Anyway, the tower would seem powered, but the monitors would never come out of sleep mode. One would have to hard boot to begin using the machine again, although this would almost always lead to a BSOD. Usually a WHEA_UNCORRECTABLE_ERROR
I began by unplugging any unnecessary peripherals. No change. I clean uninstalled and updated the NVidia drivers. No change. I updated the BIOS. No change. I disconnected the NVidia GPU, and used the onboard GPU. No change.
By this point, Windows would no longer boot at all, and every attempt to enter safe mode would result in a locked up windows loading animation.
I used a system restore image I had created after the base install initially, but the problems persisted. In fact, I started getting new BSOD message: MACHINE_CHECK_EXCEPTION
When I went to take the tower apart, I noticed that there had been a sandal underneath the tower, perfectly placed to block the air intake of the PSU. Opening the tower, I noticed a smell which could either be burned electronics, or simply warm.
I re-seated every cable, packed up the tower, and tried to boot into Windows. After a completely successful boot I began testing the sleep mode, and both a 10 minute test, and a 5 hour test were successful. So, I began a much longer test.

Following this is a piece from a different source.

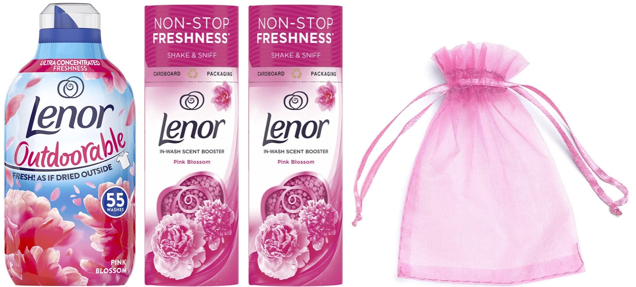 Enjoy freshness as if you've dried your clothes outside, even when you dry inside! Lenor Outdoorable's freshness is ultra-concentrated versus other Lenor fabric conditioners, so you just need a small dose to get that line dried feeling, whatever the weather! Lenor Outdoorable was developed together with consumers to recreate the outdoor freshness and it keeps releg freshness when fabrics are just dried, stored in the cupboard and even when you're moving. Protects from fading, bobbling and stretching in the wash. Bottle made of 100 recycled (excluding cap, spout and sleeve) and recyclable (excl. sleeve) plastic. Lenor In-Wash Scent Boosters provides up to 12 weeks of boosted freshness (in storage), so your clothes stay fresher for longer. An irresistible freshness boost for even more of the scent you love. That's because the beads go in at the start of the wash, allowing more scent to slowly infuse into your fabrics as they wash. Can be used on all colors, fabrics, and loads, even in cold wash. Personalize the scent intensity by choosing the quantity of beads you want to use. Pour beads directly into the empty drum then add detergent, clothes, and fabric conditioner as usual. Lenor in wash scent booster now comes in a moisture resistant, recyclable CARDBOARD PACK. INGREDIENTS 5-15 Cationic Surfactants Perfumes Alpha-Isomethyl Ionone Benzyl Salicylate Citronellol Coumarin Geraniol Hexyl Cinnamal Limonene Linalool, Delta-Damascone, Linalool, Hexyl cinnamal, Tetramethyl Acetyloctahydronaphthalenes, (E Z)-ethyl 2-acetyl-4-methyltridec-2-enoate. Perfumes, Alpha-Isomethyl Ionone, Citronellol, Hexyl Cinnamal, Hydroxyisohexyl 3-Cyclohexene Carboxaldehyde, Limonene, Linalool DIRECTIONS Use Lenor Outdoorable safely, always read the product information before use. Poor 14 ml dose into your washing machine drawer for amazing freshness. Liquid fabric softener can increase fabric flammability. Pour beads directly into the empty drum before your laundry. Personalize the scent intensity by choosing the quantity of beads you want to use. SAFETY WARNING READ BEFORE USE THE LABELS, WARNING AND INSTRUCTION PROVIDED WITH THE PRODUCT AND RETAIN THESE IMPORTANT SAFETY INSTRUCTIONS FOR FUTURE REFERENCE. May produce an allergic reaction. Keep out of reach of children. IF ON SKIN: Wash with plenty of water. IF SWALLOWED: Rinse mouth. Do NOT induce vomiting. Immediately call a POISON CENTER doctor. Never soak or wash above 50 C. Keep away from sunlight and heating more than 30 C. Harmful to aquatic life with long lasting effects. See moreThe Pink Blossom Fragrance by Lenor has a new and rosy scent characterized by apple blossom brightness, sweet melon and warm amber. Enjoy freshness as if you've dried your clothes outside, even when you dry inside!. Lenor In-Wash Scent Boosters provides up to 12 weeks of boosted freshness in storage, so your clothes stay fresher for longer. Pour beads directly into the empty drum then add detergent, clothes, and fabric conditioner as usual. An irresistible freshness boost for even more of the scent you love. Lenor Outdoorable was developed together with consumers to recreate the outdoor freshness and it keeps releg freshness when fabrics are just dried, stored in the cupboard and even when you're moving. Our Gift For You - Organza bag. Using 9 x 7 x 0.1 cm mini bag are made of special sheer organza, which are very durable, touch softly and smoothly. You can store your tiny items whilst celebrating festivals like wedding, Christmas, graduation, and party. Bundle Pack PACKING MAY VARY.

When I returned 17 hours later, the problems were back full force. Windows would not load at all, had to hard boot, and perform a system restore. Now, I wasn't getting WHEA BSODs, I was just getting a ton of MACHINE_CHECK and the not seen before CLOCK_WATCHDOG_TIME_OUT.
Going more short form here:
Tested the PSU: Voltages were out of spec (way too low)
Replaced the PSU with Corsair HX750i : Brief improved system performance, but quickly right back to old problems.
Ran memory test: Consistently passed. Even with individual sticks installed.
(Edit: forgot a step)
Swapped SSD for known working HDD. Windows installation failed, BSOD on restarts during installation.
Replaced the Mobo and CPU: Improved stability of the machine, but major Windows installation corruption despite several re installations, and the sleep mode issue persists. System will work until Windows updates are being applied, and then at some random point, a major crash during restart, boot, or sleep will corrupt something and the whole installation becomes unrecoverable.
Removed GPU, Front Panel headers, secondary hard drive, optical drive.
I'm currently running sleep mode tests using the last step in that list. While short sleep mode tests work, Windows Update corrupts and has to be restarted, the monitor will flash on and off randomly, and event viewer already lists 142 errors 24 of them being license install failed for type: 1
I just ran an hour long sleep test. The tower powered up, but the monitor never turned on. Had to hard boot, and while the MSI loading screen came up, it's just sitting here with a black screen instead of Windows.
I'm worried that the SSD might be shot, which I really hope it isn't because I've had to replace so much of this PC already. Every time I've replaced a component, some portion of the myriad of issues has improved, but it is still far from stable. The problems seem to be almost random, and right now they seem to be data related. There was also the weird encounter before the latest installation, where when doing a clean installation of Windows 10 Pro, upon reboot a screen came up asking me to chose one of 6 different windows installations to continue with. It wasn't up long enough for me to make a selection, and then proceeded as normal, but that was completely unexpected.
I did a complete repartition before this current installation and I haven't seen the issue again.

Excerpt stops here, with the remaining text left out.